Собеседник кивнул и подправил под курткой нагретый телесным теплом черный пластик служебного диктофона.
Апрель 1995 года.
Интерференция
…Если камень на камень кладет дурак,
Он не строит, о разрушает.
Ф. Кривин
Наблюдать отсюда было удобно — противоположный тротуар, движение в меру оживленное. Как раз то, что требуется, — и объект постоянно в поле зрения, и не настолько пустынно, чтобы машина могла привлечь внимание.
От места парковки получалось до входа метров тридцать, не более.
— Выезжать-то как будем, Егорыч?
Вперед не получалось — прямо в бампер уперся скошенный багажник невесть откуда взявшейся иномарки. Сзади, почти вплотную, притирался носатый «Москвич».
— Как-нибудь… Авось расползутся!
Виноградов, посмотрев на часы, кивнул: за оставшееся время соседи еще успеют смениться. Здесь, в некотором удалении от метро, обычно назначались короткие деловые встречи.
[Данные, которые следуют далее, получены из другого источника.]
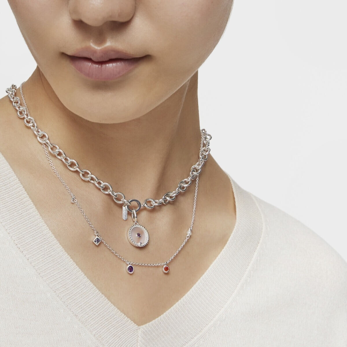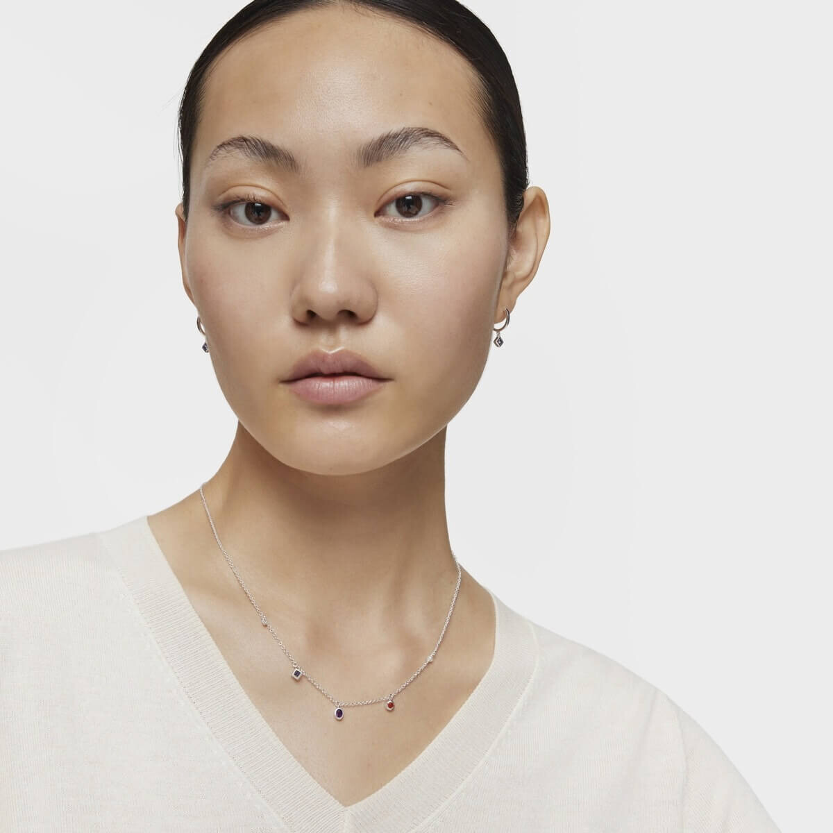 Короткое ожерелье TOUS Basic Colors из стерлингового серебра с драгоценными камнями и культивированным жемчугом. Драгоценные камни: иолит огранки «принцесса» 2,5 мм, граненый круглый сердолик 3 мм, граненый овальный аметист 3,8 x 2,8 мм и культивированный пресноводный жемчуг 3–3,5 мм. Длина ожерелья: 40–45 см. Застежка-кольцо.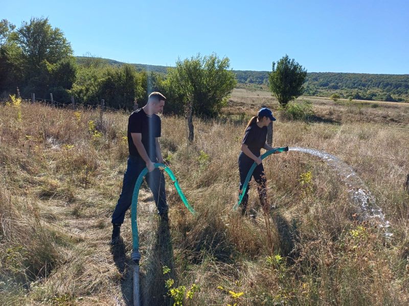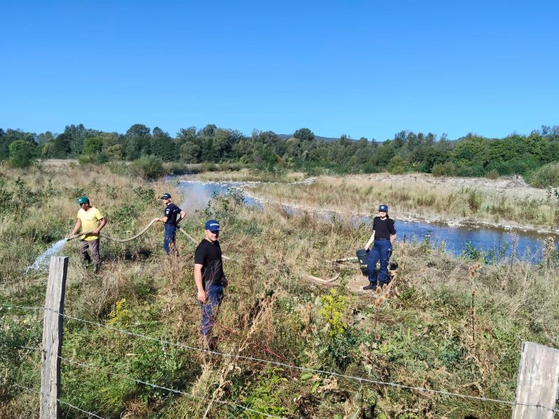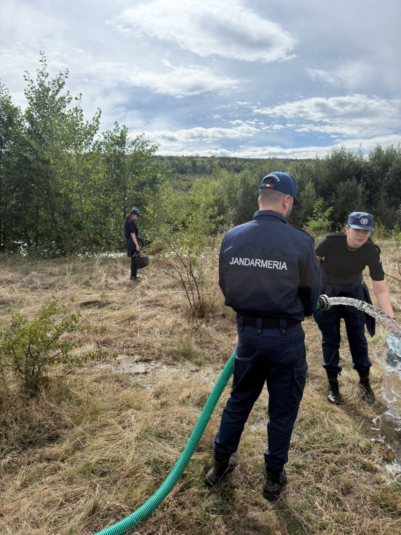O nouă acțiune de udare a puieților plantați pe râul Gilort, în localitatea Bengești-Ciocadia, a beneficiat și de participarea jandarmilor gorjeni.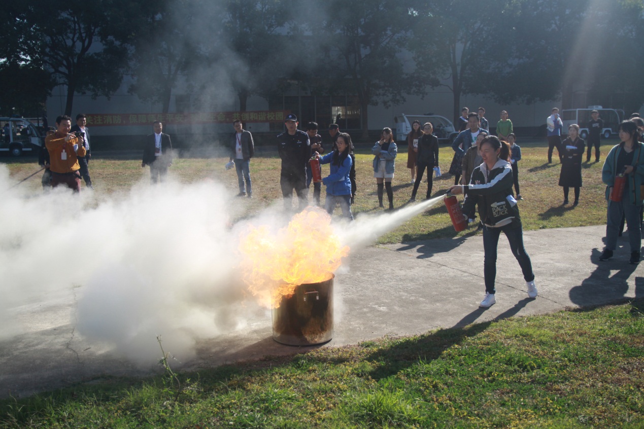 随后,所有参加演练人员在后女贞路草坪上体验灭火器灭火,使广大教职员工学会初期火灾正确运用灭火器进行火灾扑救。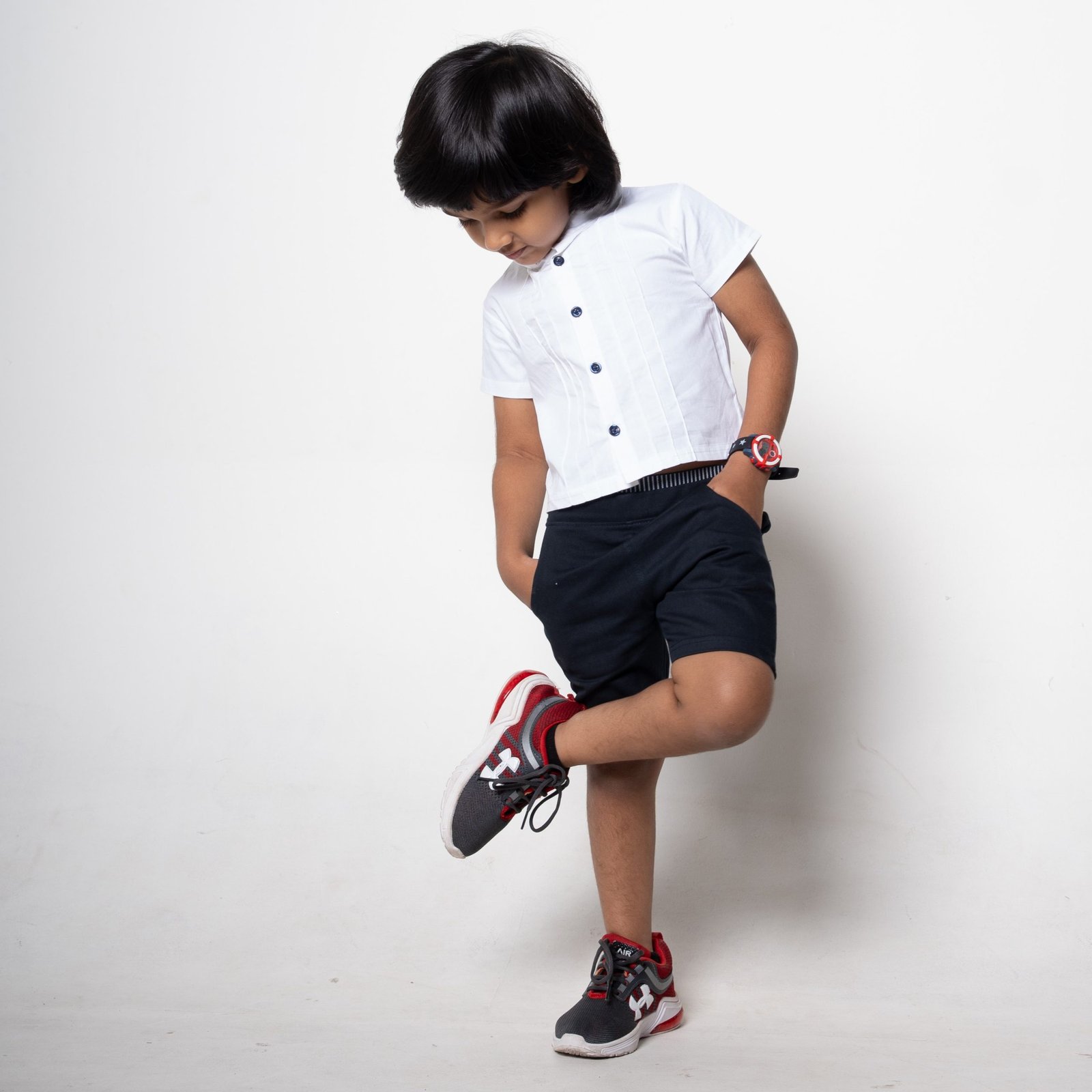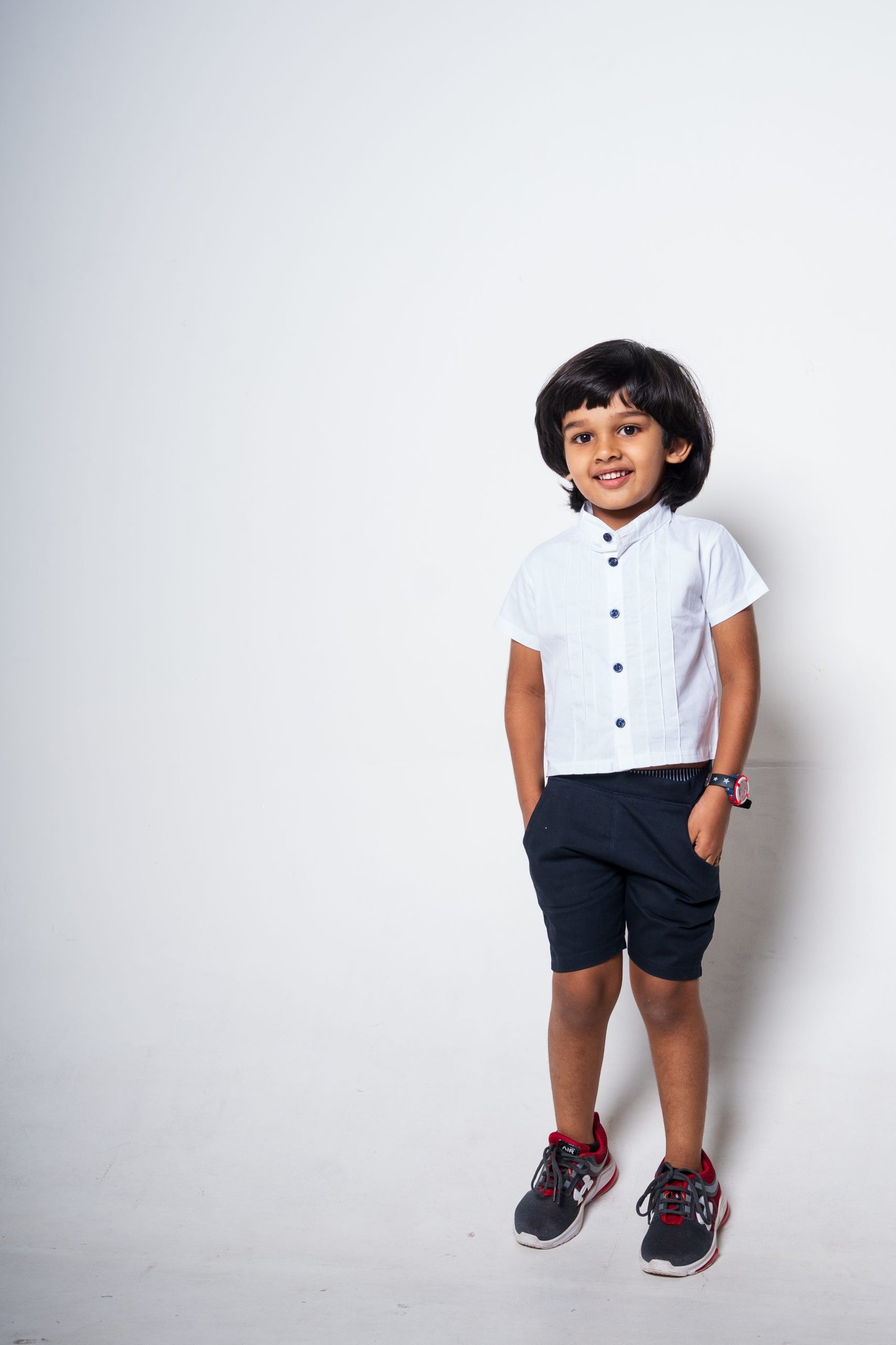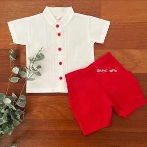 This cute outfit comes with contrast buttons and little pleats for your little man. The shorts comes with a small elastic in the back for the perfect snug fit

Случайные парочки влюбленных тоже надолго не задерживались, предпочитая световое изобилие и всегдашнюю суматоху Невского.
— Егорыч, ты с какого года?
— С пятьдесят первого.
— Надо же. Я думал — моложе. Лет сорок. А за рулем?
— С армии. Считай, всю жизнь…
— Не надоело?
— А что я еще умею? Двадцать пять календарных системе отдал! И под зад ногой…
Водитель рассказывал привычно, не повышая голоса, — и только очень внимательный слушатель мог уловить в его интонациях отголоски незарубцевавшейся смертельной обиды:
— Пенсия — как у врага народа… Себе на литровку да внуку конфет купить. Старуха в драных трусах ходит.
— Егорыч, не гневи Бога! У половины Питера зарплата меньше, чем тебе начислено, да и ту еле-еле платят.
— Сами себе власть такую выбрали! Дерь-мо-кра-тия… Пусть теперь расхлебывают.
— Ладно. Чай будешь? — Виноградов нагнулся, достал термос и начал свинчивать крышку: пить не хотелось, но это представлялось куда более приятным, чем выслушивать в сотый раз одно и то же. Поразительно, но Егорыч был способен практически любой разговор свести к изложению своего политического кредо.
— Налей. И бутерброды… Доедать надо, не везти же домой.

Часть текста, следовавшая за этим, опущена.